IT’S NOT ABOUT US
It’s
not. It really is not about us. We think it is. All too often we act as if
it is; but it really isn’t, if we truly understand what our faith is all
about. It’s really about everyone else. It’s not about us. Think about
it as a mantra: “It’s not about us.” Repeat it and repeat it and
repeat it until it finally begins to at least break the hard outer shell
of our natural resistance. It’s not about us.
When it is about us, whenever we are about ourselves first, the
other and/or others are a forgotten, neglected, overlooked or dismissed
second. It is easy to do, of course, this thinking that what we are about,
whatever it is we are about, is about us. Yes, whatever we do has to be
about us, but only to a degree and not first and foremost. If it is
totally not about us, we will not have anything to do with it.
For instance, when we engage in outreach ministries, those
ministries are not about us. They are primarily about those to whom we
minister. Yet we get something out of doing them, or else we would not do
them. We are not that altruistic. No one of us is totally selfless. We
can’t be. The self is part of the unselfish act of ministering to
others. And so there is always a personal reward in doing for the other,
ministering to the other, whatever that ministry entails.

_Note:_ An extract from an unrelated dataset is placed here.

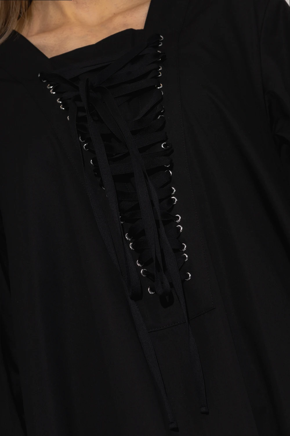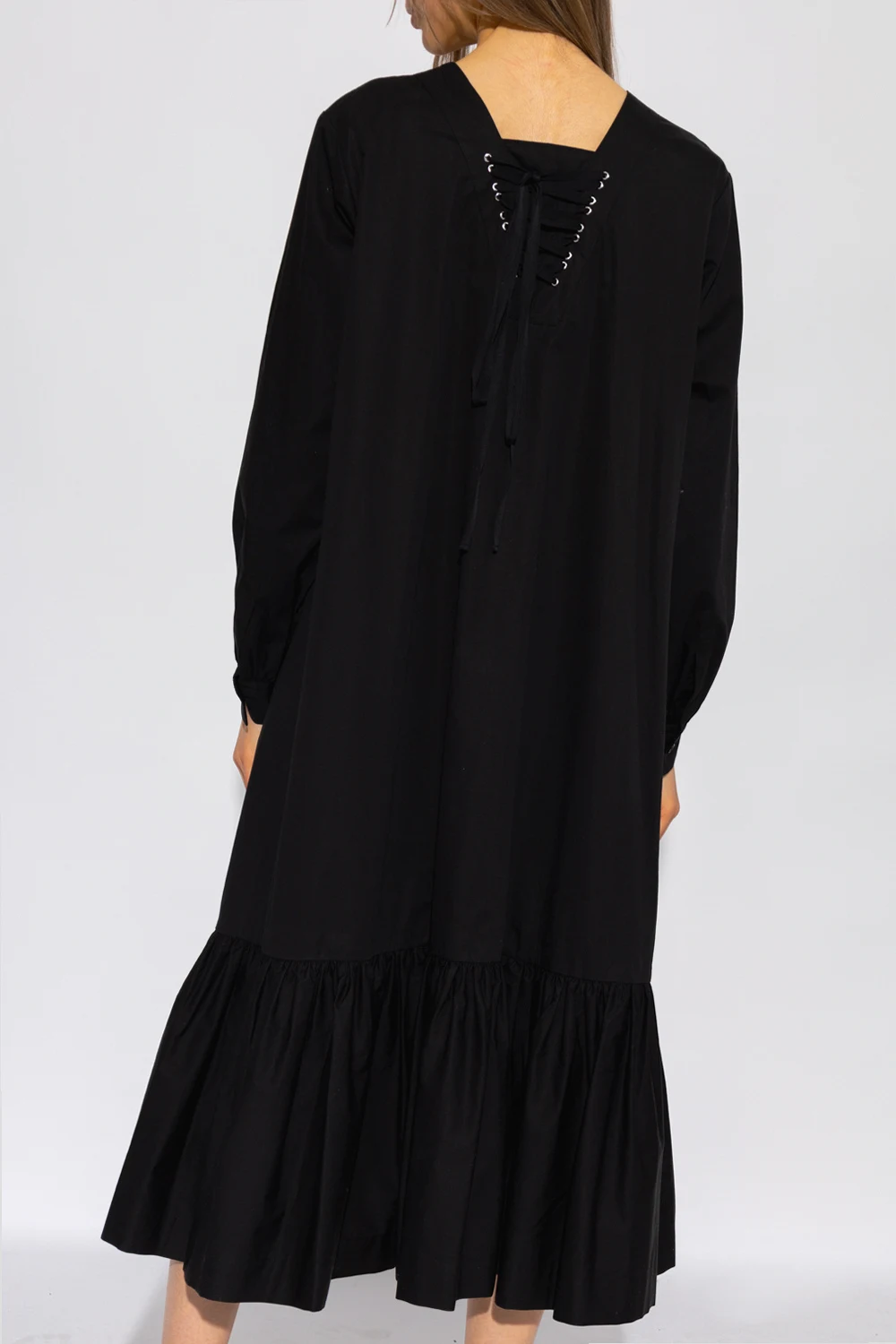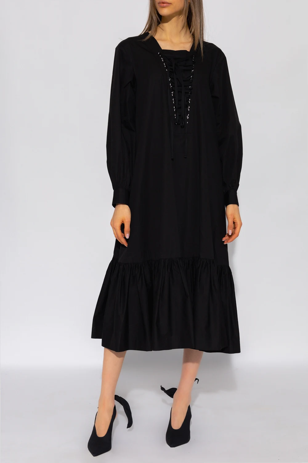 Black dress from Comme Des Garçons Ninomiya. Made of cotton with a relaxed-fitting silhouette, this style features a distinctive self-tie detail on the front and back, two slip pockets, a flared hem with ruffles and long puff sleeves with button cuffs.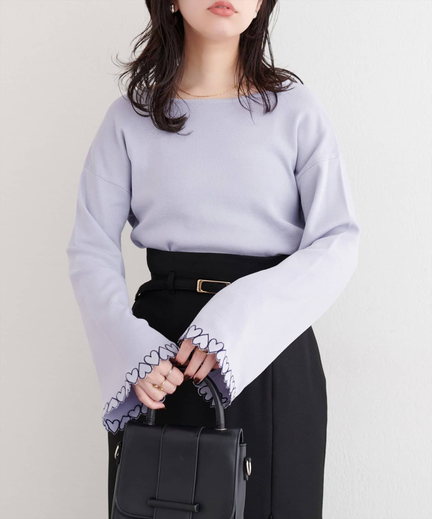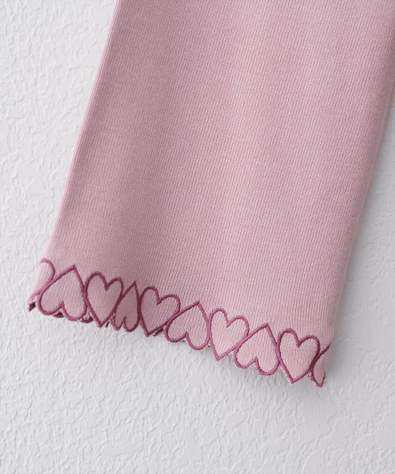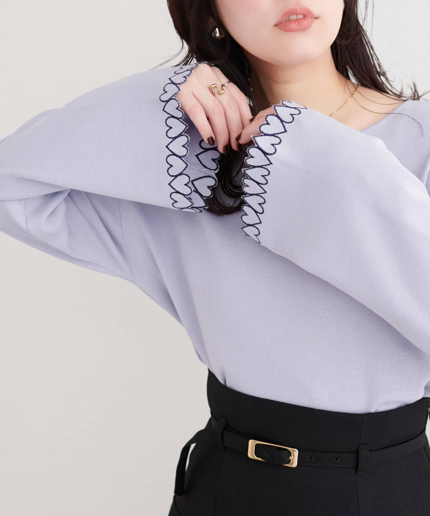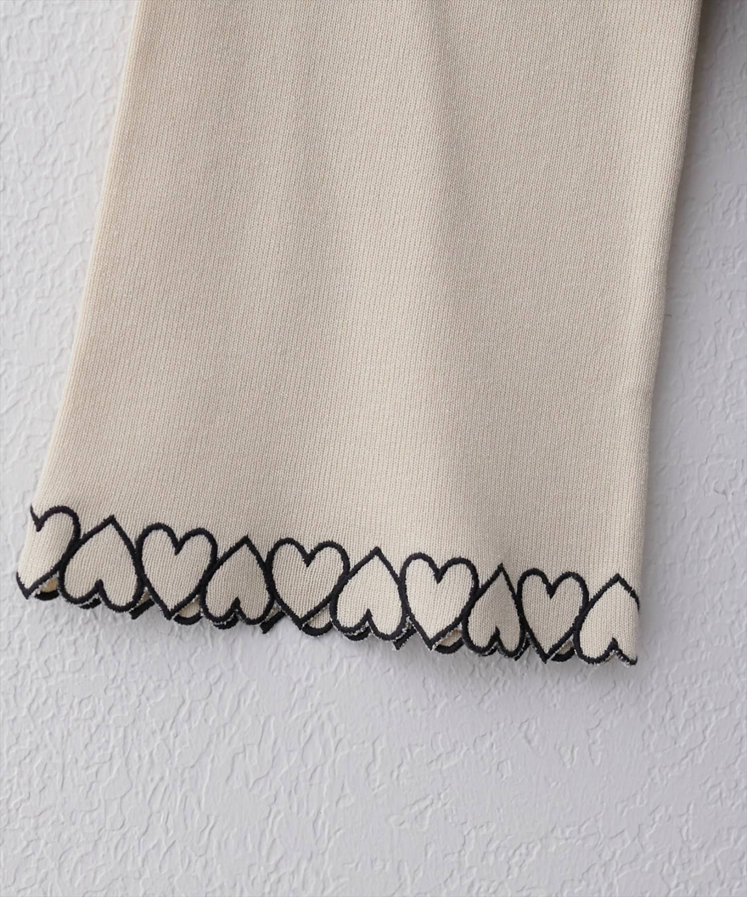 交互にハートが連なった袖口がかわいいニットプルオーバー。

The same is true, however, for whatever else we are about as a
church: worship, education, fellowship, and so on that, on the surface,
seem to be about us. We want our worship to be fulfilling and
uplifting. We want our educational opportunities to challenge us
and inform us so that we can better understand and thus live out our
faith. We want our gathering experiences to enliven us and give us
a sense of support and encouragement so to better live out our faith.
Yet whatever we do, it is not about us. It is about those who are
not yet part of us, those who have not yet heard the Good News of Jesus
Christ, those who really think that what we do is about us and not about
them because that’s the message we seem to be giving and they seem to be
hearing. And who can blame them? Perception is reality.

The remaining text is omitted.